Subject Headings: Outlier Detection Task, Outlier Detection Algorithm.

Notes

Cited by

Quotes

Abstract

For many KDD applications, such as detecting criminal activities in E-commerce, finding the rare instances or the outliers, can be more interesting than finding the common patterns. Existing work in outlier detection regards being an outlier as a binary property. In this paper, we contend that for many scenarios, it is more meaningful to assign to each object a degree of being an outlier. This degree is called the local outlier factor (LOF) of an object. It is local in that the degree depends on how isolated the object is with respect to the surrounding neighborhood. We give a detailed formal analysis showing that LOF enjoys many desirable properties. Using real-world datasets, we demonstrate that LOF can be used to find outliers which appear to be meaningful, but can otherwise not be identified with existing approaches. Finally, a careful performance evaluation of our algorithm confirms we show that our approach of finding local outliers can be practical.

2. Related Work

Most of the previous studies on outlier detection were conducted in the field of statistics. These studies can be broadly classified into two categories. The first category is distribution-based, where a standard distribution (e.g. Normal, Poisson, etc.) is used to fit the data best. Outliers are defined based on the probability distribution. Over one hundred tests of this category, called discordancy tests, have been developed for different scenarios (see [5]). A key drawback of this category of tests is that most of the distributions used are univariate. There are some tests that are multivariate (e.g. multivariate normal outliers). But for many KDD applications, the underlying distribution is unknown. Fitting the data with standard distributions is costly, and may not produce satisfactory results.

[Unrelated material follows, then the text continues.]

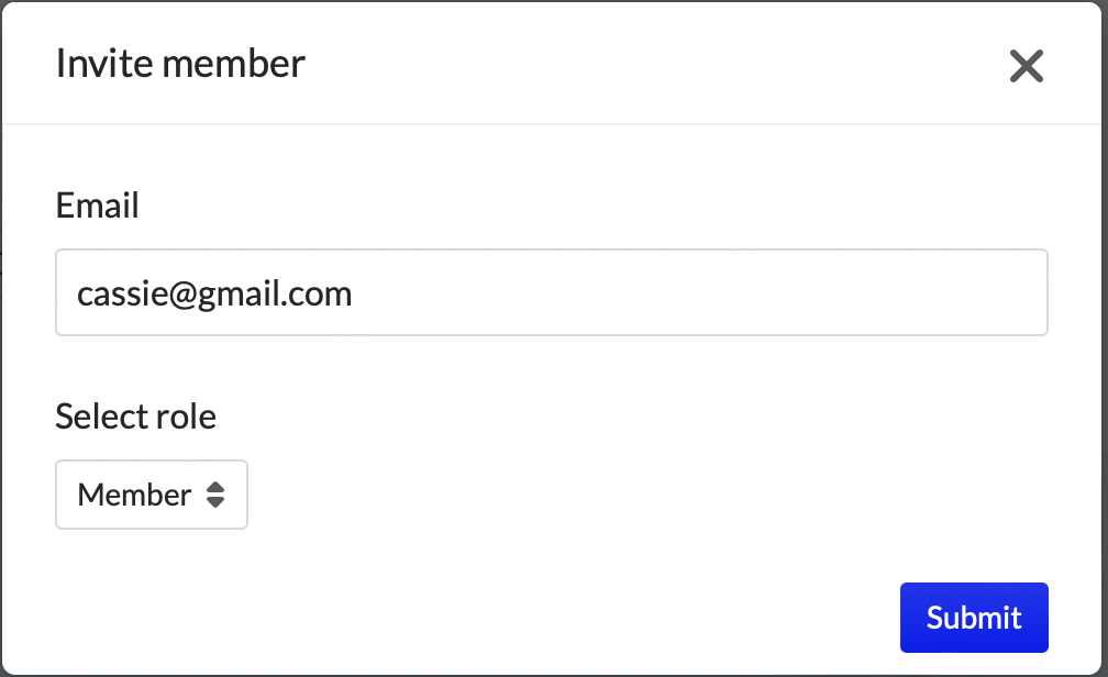 Enter the member’s email address and set their role, then press Submit

The second category of outlier studies in statistics is depth-based. Each data object is represented as a point in a k-d space, and is assigned a depth. With respect to outlier detection, outliers are more likely to be data objects with smaller depths. There are many definitions of depth that have been proposed (e.g. [20], [16]). In theory, depth-based approaches could work for large values of k. However, in practice, while there exist efficient algorithms for k = 2 or 3 ([16], [18], [12]), depth-based approaches become inefficient for large datasets for k ³ 4. This is because depth-based approaches rely on the computation of k-d convex hulls which has a lower bound complexity of W(nk/2) for n objects.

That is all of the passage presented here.